Task
From the listing that follows, output everything exactly except the pictures.

Input data
---
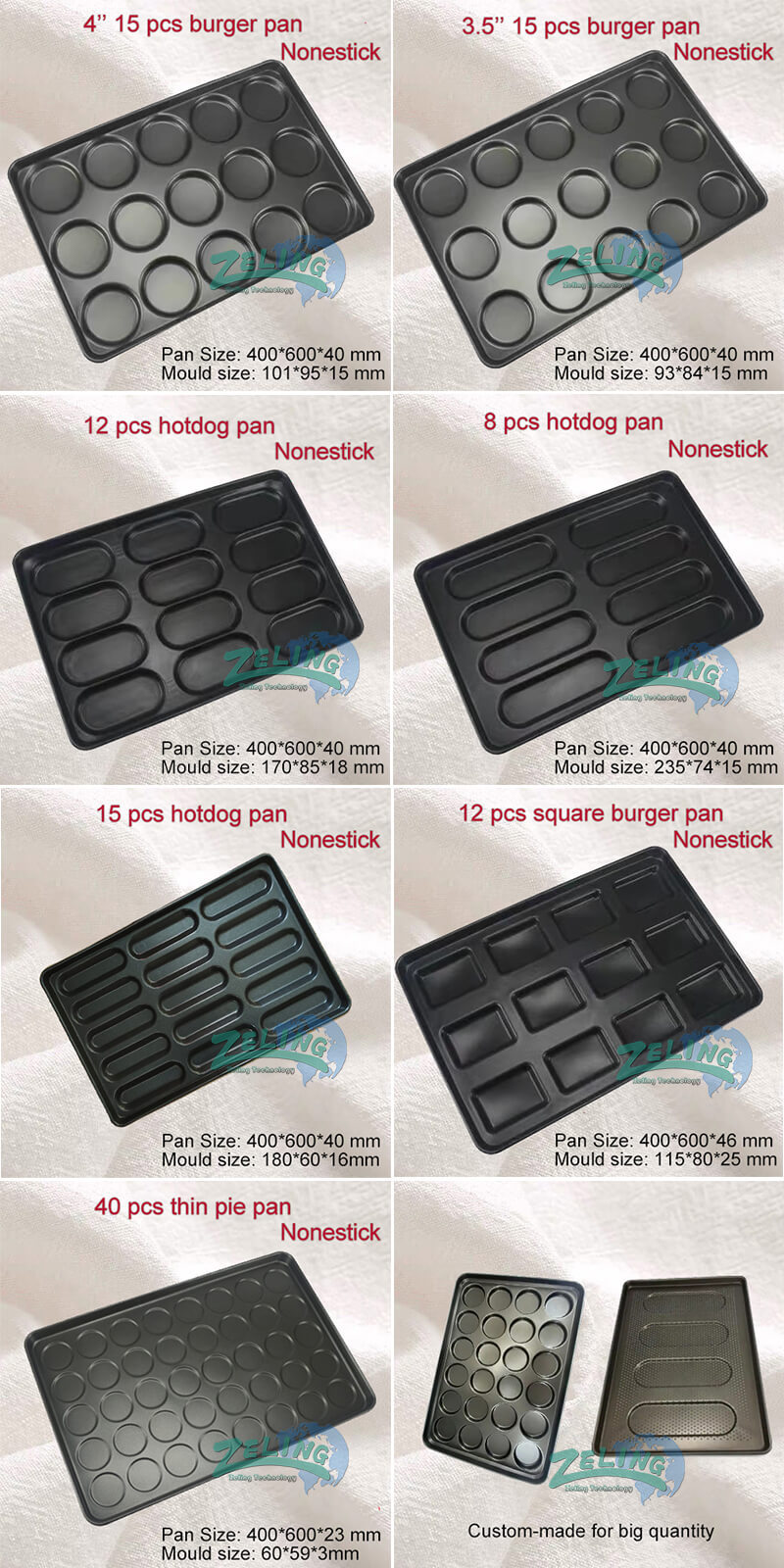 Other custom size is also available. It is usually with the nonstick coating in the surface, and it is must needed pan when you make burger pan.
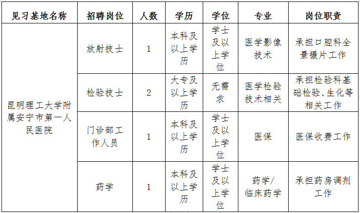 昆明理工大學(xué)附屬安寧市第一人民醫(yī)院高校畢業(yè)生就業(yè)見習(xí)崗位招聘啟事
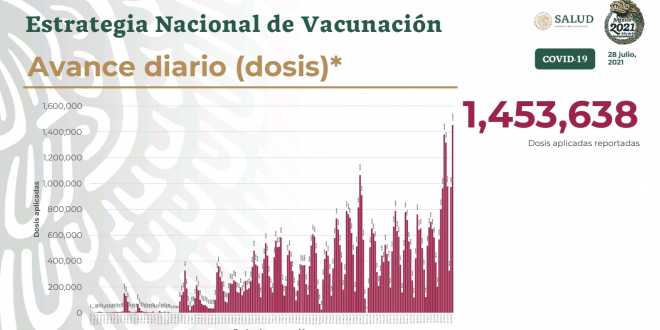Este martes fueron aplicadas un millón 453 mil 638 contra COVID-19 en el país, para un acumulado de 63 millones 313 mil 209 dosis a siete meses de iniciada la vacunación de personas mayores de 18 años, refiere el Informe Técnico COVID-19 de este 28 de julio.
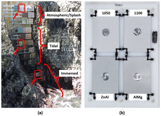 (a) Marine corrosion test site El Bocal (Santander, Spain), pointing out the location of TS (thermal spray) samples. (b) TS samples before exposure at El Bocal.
---
Task answer
 Other custom size is also available. It is usually with the nonstick coating in the surface, and it is must needed pan when you make burger pan.
 昆明理工大學(xué)附屬安寧市第一人民醫(yī)院高校畢業(yè)生就業(yè)見習(xí)崗位招聘啟事
Este martes fueron aplicadas un millón 453 mil 638 contra COVID-19 en el país, para un acumulado de 63 millones 313 mil 209 dosis a siete meses de iniciada la vacunación de personas mayores de 18 años, refiere el Informe Técnico COVID-19 de este 28 de julio.
 (a) Marine corrosion test site El Bocal (Santander, Spain), pointing out the location of TS (thermal spray) samples. (b) TS samples before exposure at El Bocal.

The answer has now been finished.